BEGIN Collected data

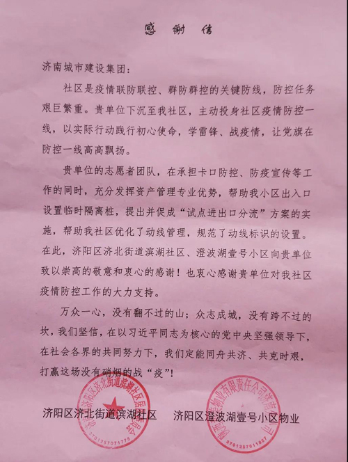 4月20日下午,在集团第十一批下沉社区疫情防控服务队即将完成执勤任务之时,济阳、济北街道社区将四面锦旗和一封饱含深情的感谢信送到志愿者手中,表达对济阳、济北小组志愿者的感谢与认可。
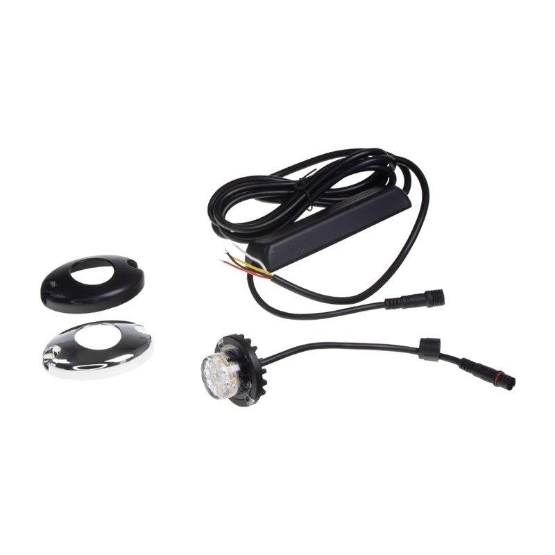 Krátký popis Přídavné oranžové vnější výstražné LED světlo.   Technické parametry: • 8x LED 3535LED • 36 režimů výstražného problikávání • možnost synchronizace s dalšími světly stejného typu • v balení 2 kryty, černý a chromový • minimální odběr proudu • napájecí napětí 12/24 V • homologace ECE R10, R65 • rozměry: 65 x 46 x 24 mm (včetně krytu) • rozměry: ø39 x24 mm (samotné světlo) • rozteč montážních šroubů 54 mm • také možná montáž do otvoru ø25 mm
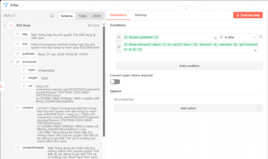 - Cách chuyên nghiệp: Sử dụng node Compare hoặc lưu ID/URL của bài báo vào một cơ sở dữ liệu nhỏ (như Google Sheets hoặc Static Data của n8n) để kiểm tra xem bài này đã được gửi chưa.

END Collected data

In the answer, the data should reappear exactly, with no pictures.

 4月20日下午,在集团第十一批下沉社区疫情防控服务队即将完成执勤任务之时,济阳、济北街道社区将四面锦旗和一封饱含深情的感谢信送到志愿者手中,表达对济阳、济北小组志愿者的感谢与认可。
 Krátký popis Přídavné oranžové vnější výstražné LED světlo.   Technické parametry: • 8x LED 3535LED • 36 režimů výstražného problikávání • možnost synchronizace s dalšími světly stejného typu • v balení 2 kryty, černý a chromový • minimální odběr proudu • napájecí napětí 12/24 V • homologace ECE R10, R65 • rozměry: 65 x 46 x 24 mm (včetně krytu) • rozměry: ø39 x24 mm (samotné světlo) • rozteč montážních šroubů 54 mm • také možná montáž do otvoru ø25 mm
 - Cách chuyên nghiệp: Sử dụng node Compare hoặc lưu ID/URL của bài báo vào một cơ sở dữ liệu nhỏ (như Google Sheets hoặc Static Data của n8n) để kiểm tra xem bài này đã được gửi chưa.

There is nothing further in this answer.